La mayoría desean venir pero muchas veces sus agendas las dirigen los departamentos de comunicación de las editoriales y, obviamente, para ellas no es lo mismo Alcañiz que Zaragoza, Barcelona o Madrid. Por desgracia, todo o casi todo se mide en función del impacto que pueda tener el acto en cuestión en medios y redes. Estoy seguro de que, en muchos casos, la asistencia y la venta de ejemplares ha sido mayor en nuestra librería que en otras de ciudades grandes. Desde el punto de vista meramente económico estos encuentros no son rentables. Hemos de asumir el desplazamiento, la pernocta y las dietas de las autoras y autores. Desde hace unos años, el Gobierno de Aragón convoca una ayuda para las librerías que llevamos a cabo este tipo de actividades y que nos permite recuperar una parte de lo invertido. Si no existiera, sería imposible realizarlas. Espero que el nuevo gobierno mantenga esta ayuda. El apoyo a la cultura es insuficiente y debería erigirse como uno de los pilares fundamentales de cualquier sociedad que aspire a ser un poco civilizada.

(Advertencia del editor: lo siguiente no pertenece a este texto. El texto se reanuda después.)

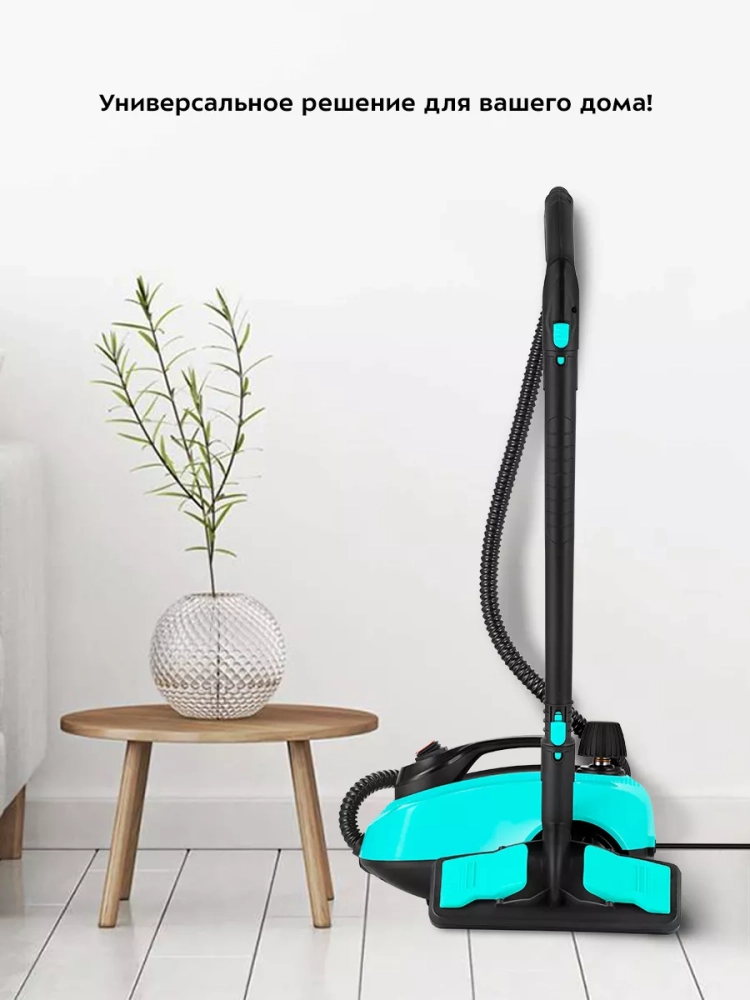 Пароочиститель оснащен ручкой для переноски. Колеса позволяют с легкостью перемещать пароочиститель во время уборки, не поднимая его. Большое количество насадок в комплекте поможет очистить труднодоступные или сильнозагрязненные поверхности.

¿Qué les aporta a los autores?
Se marchan encantados. Tanto la escritora Ana Muñoz como yo, que somos quienes coordinamos los encuentros, intentamos que los autores se sientan cómodos y disfruten. Por ejemplo, Rosario Villajos, ganadora del Premio Biblioteca Breve de 2023 y que se ha pasado el año de presentación en presentación, nos confesó que había estado mejor que en ningún sitio. Supongo que es la cercanía y la sencillez lo que les complace. También hay otro tipo de autores a quienes no les interesa ese tipo de trato. Basta leer entre líneas su literatura para saber quiénes son. Pero a esos no los invitamos (risas).
¿Qué relación se crea?
En muchos casos, como ocurrió con Miguel Ángel Oeste o la propia Rosario, los despedimos casi como amigos. Estos dos encuentros fueron muy especiales. Sentimos una conexión fuerte y mantenemos el contacto.
¿Qué importancia tiene estar presente en eventos fuera de la librería (San Jorge o presentaciones en el teatro o el Palacio Ardid con Alcañiz Lee…??
Corresponden a un compromiso cultural y, sobre todo, social con Alcañiz.
¿Qué proyectos de futuro tienes en mente?
En enero entregaremos el primer premio Las Antonias a la que nos ha parecido la mejor novela del año en el club de lectura. Será muy guay. Un cliente a quien queremos mucho está elaborando el trofeo artesanalmente. También hay otras cosas que anunciaremos próximamente.








Alcañiz y el Bajo Aragón necesita más gente como Eugenio, es siempre un placer entrar en su librería y si tienes suerte poder charlar con el.
Grande Eugenio!!! Sigue así.
Eugenio, felicidades por estos 10 años aguantando en la máxima categoría, todo un milagro para cualquier comercio en Alcañiz. El secreto esta claro: pasión, pasión y más pasión. Y por supuesto centro del campo correoso, defensa expeditiva, balones al área y campo embarrado. ¡Por muchos años!